No I mean a Smart EVSE, as the charger is actually located in the car itself. The EVSE communicates with it and can tell it when to charge and can tell it how fast to charge, but otherwise it's basically an extension cord. The Tesla has a sorta smart charger in that you can set it to charge at many different rates and it can handle multiple voltages/amperages, it can be set to start at a specific time, and it can use the rate setting to calculate when it needs to start to finish at a specific set time (like when you need to leave for work).

Something to keep in mind is that 120V charging is *significantly* less efficient than 240V (~80-85% vs 90-95%), so it may be counterintuitively 'better' from an environmental perspective for you to charge at 240V and use your solar for other loads.
Not sure how to respond, I am just looking at ALL my solar generation and then capturing any excess in the car's battery, if I go to 240V I would be charging the car from the grid, not from solar excess, please explain how that is MORE environmentally friendly

JuiceBox already does this. Owners can opt-in to charge when utility power is most clean and get JuicePoints
OK, but if EVERYONE of them set the car to start charging at the end of Peak time, won't that lead to the problems that I specified above? Since the JuiceBox is internet enabled they may be one of the first to come up with this protocol I referred to that allows the utilities to balance where the power is going.
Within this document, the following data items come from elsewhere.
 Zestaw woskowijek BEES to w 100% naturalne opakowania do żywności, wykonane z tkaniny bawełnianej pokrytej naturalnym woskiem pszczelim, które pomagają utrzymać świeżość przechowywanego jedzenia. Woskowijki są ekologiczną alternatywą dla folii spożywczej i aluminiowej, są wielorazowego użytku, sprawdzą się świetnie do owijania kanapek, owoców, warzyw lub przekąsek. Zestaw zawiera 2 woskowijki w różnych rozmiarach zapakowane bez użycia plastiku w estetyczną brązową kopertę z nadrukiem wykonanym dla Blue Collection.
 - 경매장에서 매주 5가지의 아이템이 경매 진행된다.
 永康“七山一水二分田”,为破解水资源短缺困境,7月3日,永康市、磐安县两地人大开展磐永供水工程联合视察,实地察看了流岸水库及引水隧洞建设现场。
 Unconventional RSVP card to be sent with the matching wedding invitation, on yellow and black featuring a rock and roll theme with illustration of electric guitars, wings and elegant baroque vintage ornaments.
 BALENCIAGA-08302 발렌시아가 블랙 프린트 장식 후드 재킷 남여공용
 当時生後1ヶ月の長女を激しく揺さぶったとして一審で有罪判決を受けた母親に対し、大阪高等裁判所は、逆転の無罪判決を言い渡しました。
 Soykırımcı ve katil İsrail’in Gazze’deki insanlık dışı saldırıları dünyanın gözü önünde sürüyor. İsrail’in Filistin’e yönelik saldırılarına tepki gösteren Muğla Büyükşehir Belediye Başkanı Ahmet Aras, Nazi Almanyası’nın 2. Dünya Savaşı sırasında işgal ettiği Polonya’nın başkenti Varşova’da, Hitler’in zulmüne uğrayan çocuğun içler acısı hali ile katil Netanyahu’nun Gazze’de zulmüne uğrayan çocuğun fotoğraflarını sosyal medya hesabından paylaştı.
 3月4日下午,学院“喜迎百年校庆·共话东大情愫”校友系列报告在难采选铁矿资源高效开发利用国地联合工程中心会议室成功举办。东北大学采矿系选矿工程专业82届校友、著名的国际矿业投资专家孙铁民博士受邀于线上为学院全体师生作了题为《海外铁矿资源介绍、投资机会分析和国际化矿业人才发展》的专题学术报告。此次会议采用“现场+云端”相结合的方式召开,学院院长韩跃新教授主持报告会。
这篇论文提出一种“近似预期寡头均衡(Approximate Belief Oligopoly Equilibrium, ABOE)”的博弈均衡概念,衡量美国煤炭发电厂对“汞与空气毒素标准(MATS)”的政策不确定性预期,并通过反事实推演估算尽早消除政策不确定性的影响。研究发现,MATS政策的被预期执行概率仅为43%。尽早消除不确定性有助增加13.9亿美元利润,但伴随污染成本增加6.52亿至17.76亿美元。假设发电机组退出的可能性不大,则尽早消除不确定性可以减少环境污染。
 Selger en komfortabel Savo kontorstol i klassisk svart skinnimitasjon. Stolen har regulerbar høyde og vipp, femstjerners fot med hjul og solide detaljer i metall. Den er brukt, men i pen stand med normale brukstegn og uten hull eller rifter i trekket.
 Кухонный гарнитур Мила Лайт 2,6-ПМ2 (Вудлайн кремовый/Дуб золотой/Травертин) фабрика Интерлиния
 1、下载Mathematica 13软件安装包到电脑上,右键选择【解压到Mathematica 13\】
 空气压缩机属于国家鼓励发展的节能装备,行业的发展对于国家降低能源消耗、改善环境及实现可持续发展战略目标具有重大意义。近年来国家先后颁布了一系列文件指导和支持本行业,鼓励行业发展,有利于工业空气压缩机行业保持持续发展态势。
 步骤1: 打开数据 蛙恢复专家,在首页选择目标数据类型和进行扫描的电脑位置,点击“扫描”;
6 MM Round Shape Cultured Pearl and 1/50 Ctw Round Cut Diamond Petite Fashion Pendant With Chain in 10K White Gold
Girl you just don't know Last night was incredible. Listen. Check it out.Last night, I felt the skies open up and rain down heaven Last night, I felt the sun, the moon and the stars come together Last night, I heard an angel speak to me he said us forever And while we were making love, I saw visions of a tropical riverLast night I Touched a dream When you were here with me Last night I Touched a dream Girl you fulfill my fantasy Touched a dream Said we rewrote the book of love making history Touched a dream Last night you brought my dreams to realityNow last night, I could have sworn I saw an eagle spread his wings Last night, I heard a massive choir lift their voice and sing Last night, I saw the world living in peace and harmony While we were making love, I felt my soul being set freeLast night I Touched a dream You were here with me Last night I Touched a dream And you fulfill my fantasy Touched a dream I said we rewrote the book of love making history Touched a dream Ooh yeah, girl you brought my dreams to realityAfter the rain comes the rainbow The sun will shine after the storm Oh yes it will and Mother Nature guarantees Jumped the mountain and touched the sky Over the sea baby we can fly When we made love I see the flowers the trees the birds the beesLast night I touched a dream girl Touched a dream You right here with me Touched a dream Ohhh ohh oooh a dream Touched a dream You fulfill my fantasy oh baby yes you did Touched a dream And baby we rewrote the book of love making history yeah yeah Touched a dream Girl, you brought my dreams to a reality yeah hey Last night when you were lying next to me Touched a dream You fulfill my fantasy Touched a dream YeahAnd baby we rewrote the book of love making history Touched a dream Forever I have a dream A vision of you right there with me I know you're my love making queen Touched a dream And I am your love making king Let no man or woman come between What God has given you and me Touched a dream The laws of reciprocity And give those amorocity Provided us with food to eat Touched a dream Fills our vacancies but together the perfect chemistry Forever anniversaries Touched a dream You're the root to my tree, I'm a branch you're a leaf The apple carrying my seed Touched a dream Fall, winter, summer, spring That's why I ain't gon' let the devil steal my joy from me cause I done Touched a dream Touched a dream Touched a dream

It's not like we at home know how many other cars in our neighborhood are all starting to charge at the same time, but the power company can see the draw and with car communication could control the draw with enough precision that they spin up car charging instead of producing heat to burn off extra energy that is being generated overnight when demand goes away.

Eventually there will be enough MegaPacks out there storing excess electricity that they could actually spin down the Peaker plants and rely on batteries to handle transient draws, but most battery production is currently going into producing electric cars.
 
OK, but if EVERYONE of them set the car to start charging at the end of Peak time, won't that lead to the problems that I specified above? Since the JuiceBox is internet enabled they may be one of the first to come up with this protocol I referred to that allows the utilities to balance where the power is going. It's not like we at home know how many other cars in our neighborhood are all starting to charge at the same time, but the power company can see the draw and with car communication could control the draw with enough precision that they spin up car charging instead of producing heat to burn off extra energy that is being generated overnight when demand goes away.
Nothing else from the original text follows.